STUDY MATERIAL Start Marker
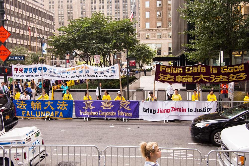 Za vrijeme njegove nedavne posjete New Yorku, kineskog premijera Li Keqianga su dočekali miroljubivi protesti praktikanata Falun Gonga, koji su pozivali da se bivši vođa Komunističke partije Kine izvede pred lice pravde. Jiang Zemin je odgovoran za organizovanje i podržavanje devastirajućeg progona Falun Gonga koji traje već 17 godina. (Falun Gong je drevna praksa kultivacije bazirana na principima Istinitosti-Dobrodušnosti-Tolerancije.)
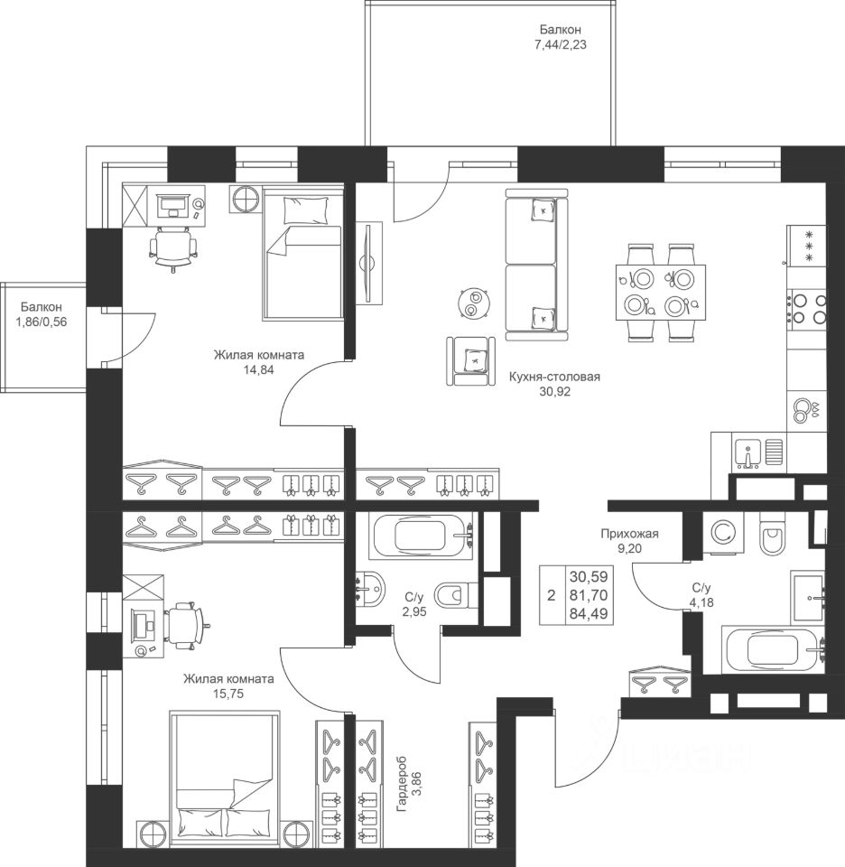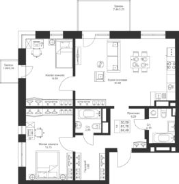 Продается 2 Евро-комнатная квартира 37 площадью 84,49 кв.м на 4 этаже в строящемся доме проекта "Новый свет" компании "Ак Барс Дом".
STUDY MATERIAL End Marker
STUDY MATERIAL Start Marker
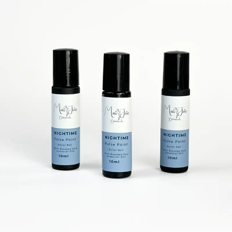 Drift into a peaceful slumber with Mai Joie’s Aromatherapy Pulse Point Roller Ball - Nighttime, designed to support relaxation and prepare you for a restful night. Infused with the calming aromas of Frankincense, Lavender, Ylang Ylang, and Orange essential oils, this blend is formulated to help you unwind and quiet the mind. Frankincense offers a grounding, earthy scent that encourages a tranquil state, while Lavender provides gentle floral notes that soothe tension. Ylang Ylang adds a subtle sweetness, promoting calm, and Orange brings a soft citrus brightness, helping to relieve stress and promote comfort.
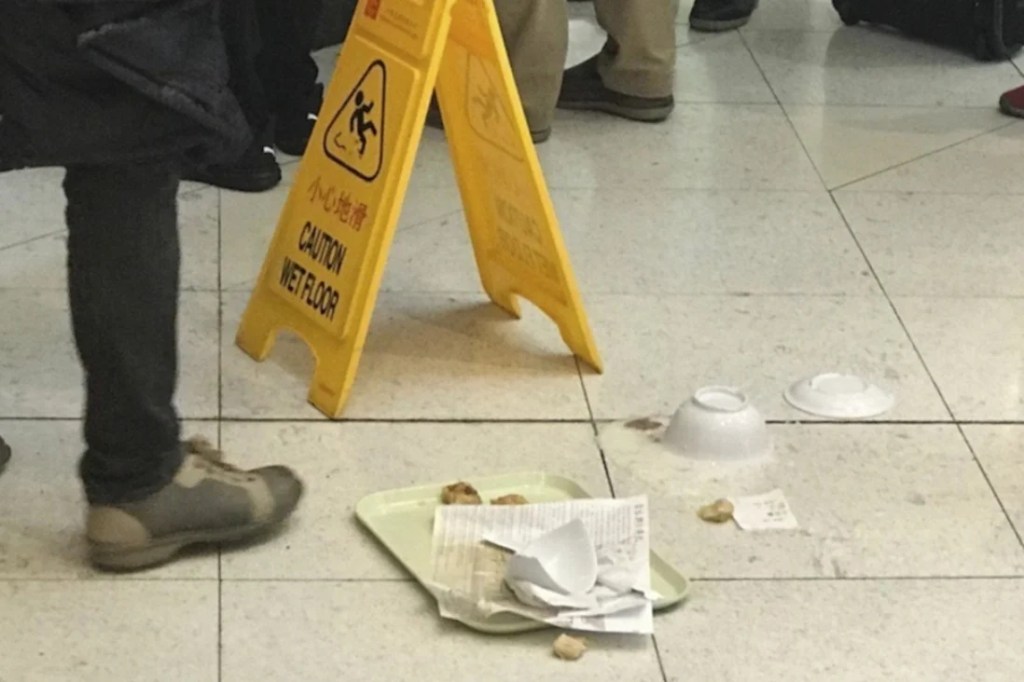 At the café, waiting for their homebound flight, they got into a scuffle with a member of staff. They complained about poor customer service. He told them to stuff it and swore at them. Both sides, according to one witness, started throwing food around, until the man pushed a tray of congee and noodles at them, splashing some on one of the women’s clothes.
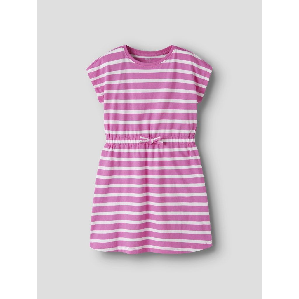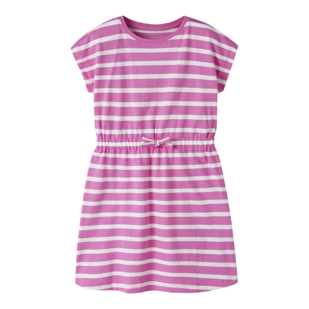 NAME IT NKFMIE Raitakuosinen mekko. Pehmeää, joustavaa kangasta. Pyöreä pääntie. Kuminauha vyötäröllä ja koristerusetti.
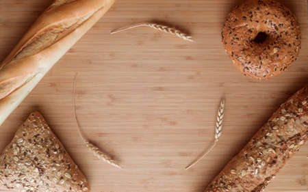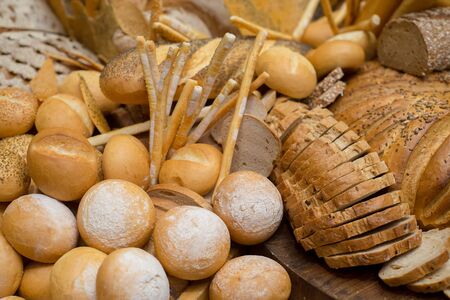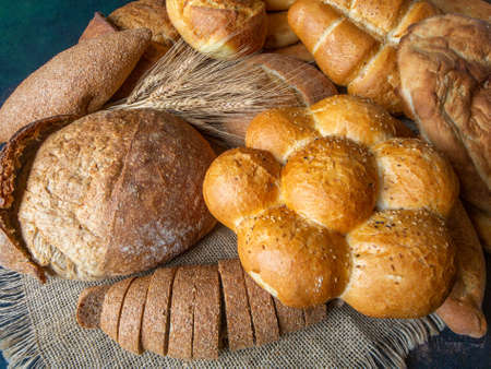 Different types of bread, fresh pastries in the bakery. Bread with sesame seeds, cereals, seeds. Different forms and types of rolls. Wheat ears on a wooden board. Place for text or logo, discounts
STUDY MATERIAL End Marker
STUDY MATERIAL Start Marker
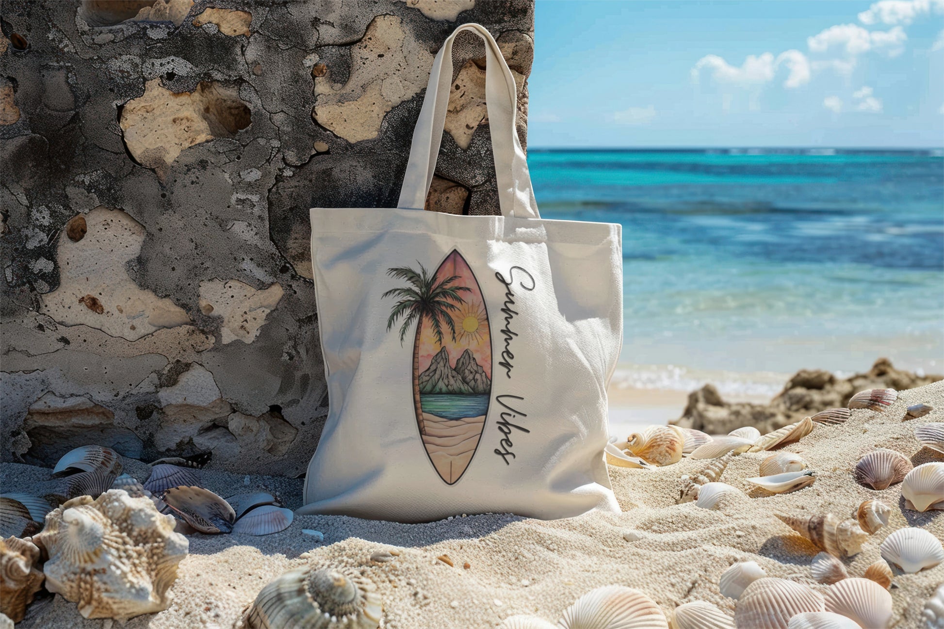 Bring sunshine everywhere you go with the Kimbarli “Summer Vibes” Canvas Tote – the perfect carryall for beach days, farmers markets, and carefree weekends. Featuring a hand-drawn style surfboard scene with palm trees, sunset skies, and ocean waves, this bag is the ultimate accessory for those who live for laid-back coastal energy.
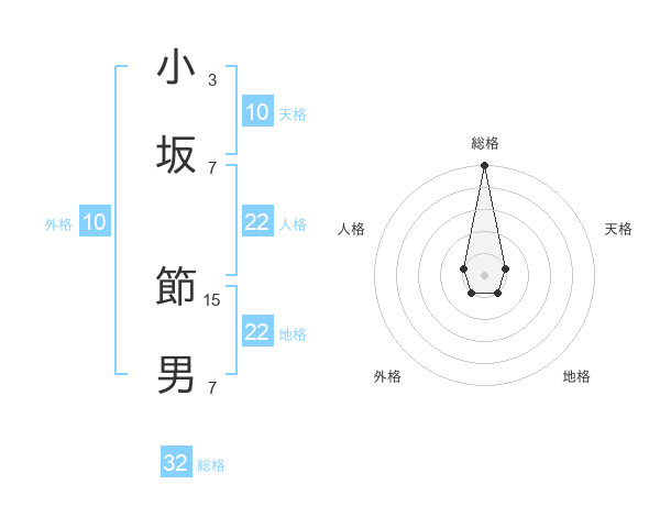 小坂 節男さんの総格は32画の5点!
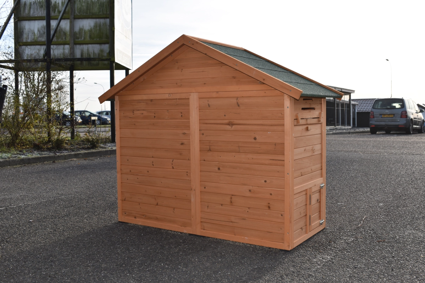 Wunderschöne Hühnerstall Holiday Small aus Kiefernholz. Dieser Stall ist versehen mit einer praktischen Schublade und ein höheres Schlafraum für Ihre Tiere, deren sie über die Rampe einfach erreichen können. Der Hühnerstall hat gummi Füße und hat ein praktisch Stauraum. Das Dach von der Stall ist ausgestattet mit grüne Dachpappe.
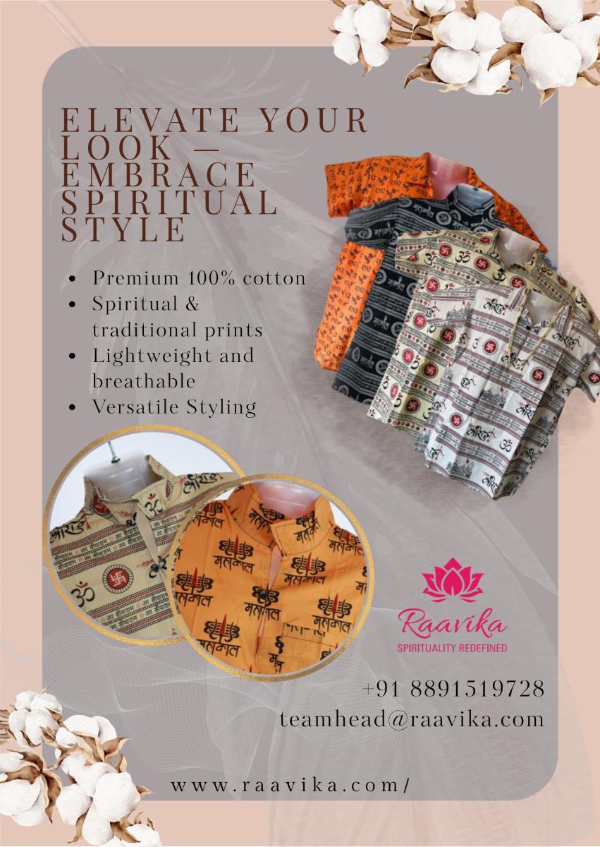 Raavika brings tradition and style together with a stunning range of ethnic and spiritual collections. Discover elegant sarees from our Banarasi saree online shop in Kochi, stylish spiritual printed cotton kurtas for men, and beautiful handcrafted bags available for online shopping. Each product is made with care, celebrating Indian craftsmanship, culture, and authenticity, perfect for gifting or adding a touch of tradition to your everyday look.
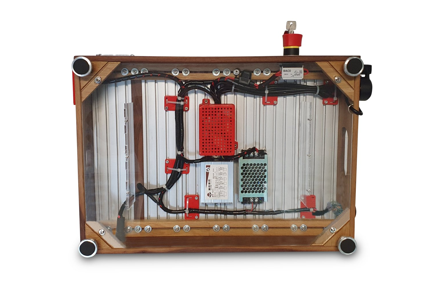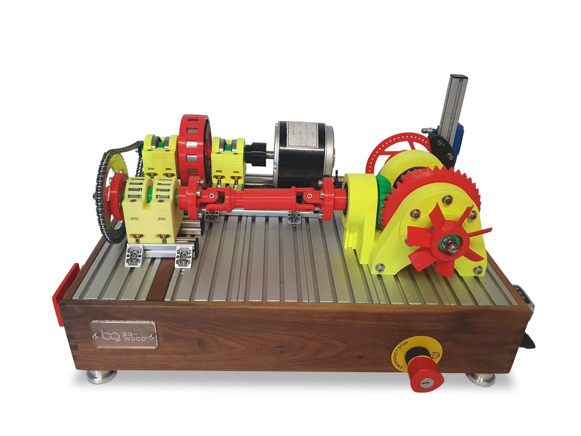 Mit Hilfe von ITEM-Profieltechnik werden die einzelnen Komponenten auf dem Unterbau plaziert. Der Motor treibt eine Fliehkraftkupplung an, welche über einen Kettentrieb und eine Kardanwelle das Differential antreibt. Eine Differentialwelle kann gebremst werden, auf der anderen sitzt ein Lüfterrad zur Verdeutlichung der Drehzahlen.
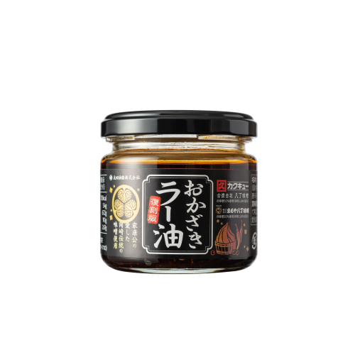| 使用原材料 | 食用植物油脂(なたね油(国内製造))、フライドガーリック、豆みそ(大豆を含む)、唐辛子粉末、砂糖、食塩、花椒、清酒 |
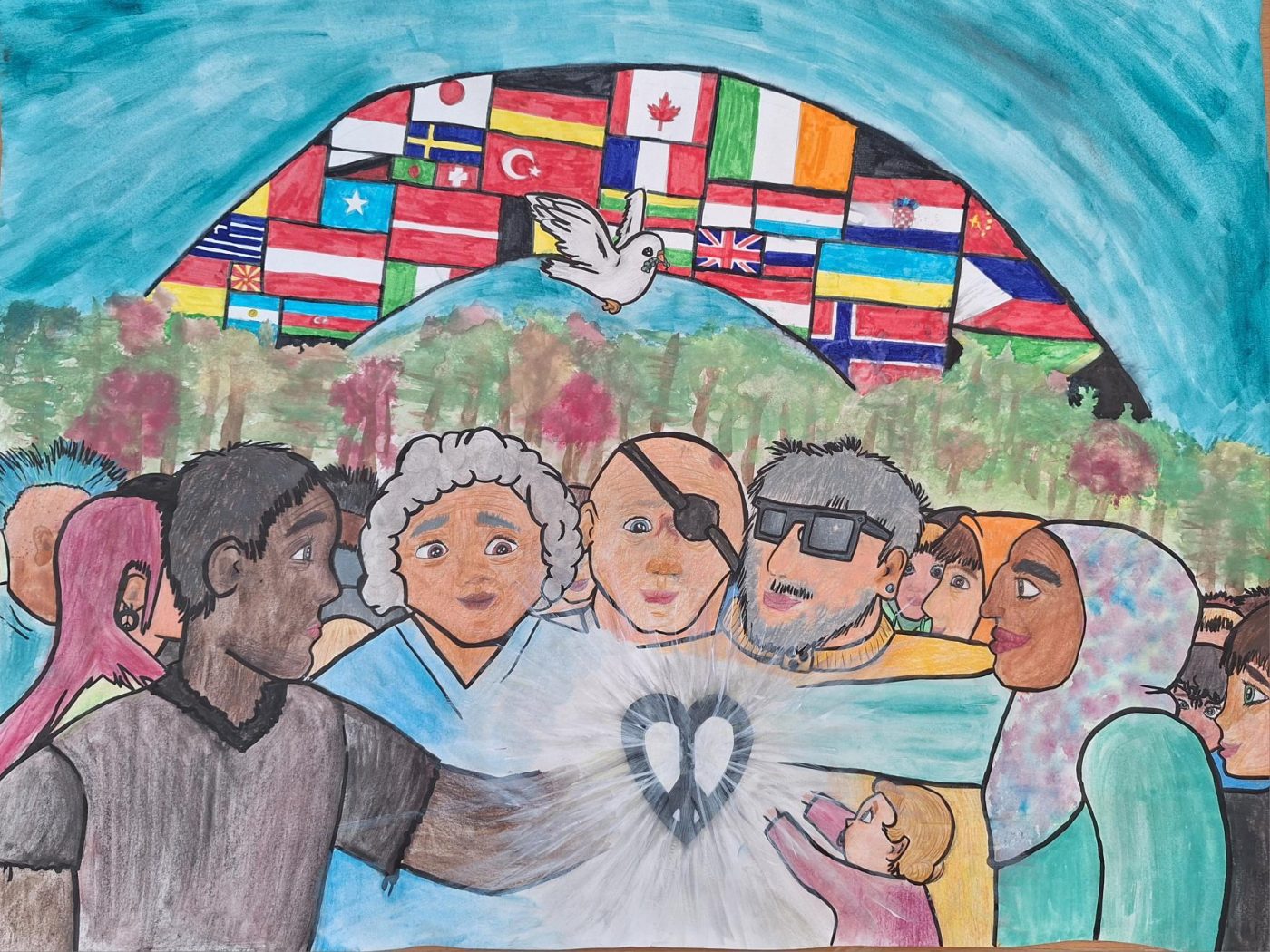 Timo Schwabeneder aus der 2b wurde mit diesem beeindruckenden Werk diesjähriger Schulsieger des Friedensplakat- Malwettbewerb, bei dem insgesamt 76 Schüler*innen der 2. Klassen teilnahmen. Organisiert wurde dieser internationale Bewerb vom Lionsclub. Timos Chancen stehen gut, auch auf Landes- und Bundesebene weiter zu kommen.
STUDY MATERIAL End Marker
- **TASK INSTRUCTIONS**
In the records above, find the line containing "Za vrijeme njegove" and the line containing "Продается 2 Евро-комнатная", then give both of them again word for word along with every line between. Omit any pictures.

- **ANSWER TO THE EXERCISE**
 Za vrijeme njegove nedavne posjete New Yorku, kineskog premijera Li Keqianga su dočekali miroljubivi protesti praktikanata Falun Gonga, koji su pozivali da se bivši vođa Komunističke partije Kine izvede pred lice pravde. Jiang Zemin je odgovoran za organizovanje i podržavanje devastirajućeg progona Falun Gonga koji traje već 17 godina. (Falun Gong je drevna praksa kultivacije bazirana na principima Istinitosti-Dobrodušnosti-Tolerancije.)
 Продается 2 Евро-комнатная квартира 37 площадью 84,49 кв.м на 4 этаже в строящемся доме проекта "Новый свет" компании "Ак Барс Дом".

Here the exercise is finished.